Among the photographer's many fans was director Martin Scorsese, who used Feinstein's images in his documentaries about Dylan ("No Direction Home") and Harrison (the just-released "Living in the Material World).

Working mostly with black-and-white film -- and, Jamison said, "only Nikons" -- Feinstein also turned his lenses on Hollywood, capturing stars like Marlin Brando, Judy Garland, Barbra Streisand and, in his racing car, Steve McQueen.

"Doing editorial photography is a lot about luck," he once said in an interview for a retrospective of his Los Angeles work at the Morrison Hotel Gallery in New York.

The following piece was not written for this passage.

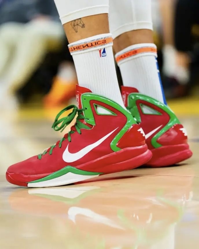 今天勇士主场迎独行侠的圣诞大战还没开打,库里的赛前热身就先把我看呆了——他上脚了圣诞配色的Nike Hyperdunk2010 PE,瞬间拉回15年前的记忆。 2010年的圣诞大战,库里就穿着同款配色的这双鞋出战,鞋舌处的“SC30”个人logo还是当年耐克为他打造的,满满的情怀感。红绿色的圣诞配色经典又亮眼,和Hyperdunk2010的鞋型搭配起来,复古味儿直接拉满,库里这波直接是用球鞋复...

"Being at the right place at the right time, getting the right picture -- and you're out of it," he said. "You don't have to set anybody up or anything like that."

Feinstein is the third major photographer of the golden era of rock and roll scene to die in the past two years, after Jim Marshall in March last year at the age of 74 and Robert Whitaker last month at 71.

"The thing about these guys is that they shared an energy, just thinking differently and seeing things differently," Dave Brolan, Feinstein's agent and a friend of all three photographers, told AFP from London.

A native of Philadelphia, Feinstein worked at Columbia Pictures in the late 1950s and early 1960s before moving into the realm of rock through his friendship with Dylan's agent, Albert Grossman.

He also dabbled in film, directing a 1968 semi-documentary about San Francisco hippie scene titled "You Are What You Eat."

Brolan, who collaborated with Feinstein on "Real Moments," a 2008 album of Dylan images, remembered the photographer as a stickler for detail who was "always interested in doing something new."

"He had a great eye, great ideas and very very high standards," he said.

One of his best-known images, from Dylan's landmark concert tour of Britain, shows the singer-songwriter, now 70, in the back seat of a limousine in London, with sunglasses and cigarette, as fans peer through the window.

"He photographed pretty much major player in music and film in the 1960s and 1970s," he added, including Eric Clapton, Donovan, Dr John, the Byrds, King Curtis, Donovan, Dave Mason, Rolling Stones, James Gang, Delaney & Bonnie, the Mothers and Gram Parsons, as well as jazz musicians Miles Davis and Dexter Gordon.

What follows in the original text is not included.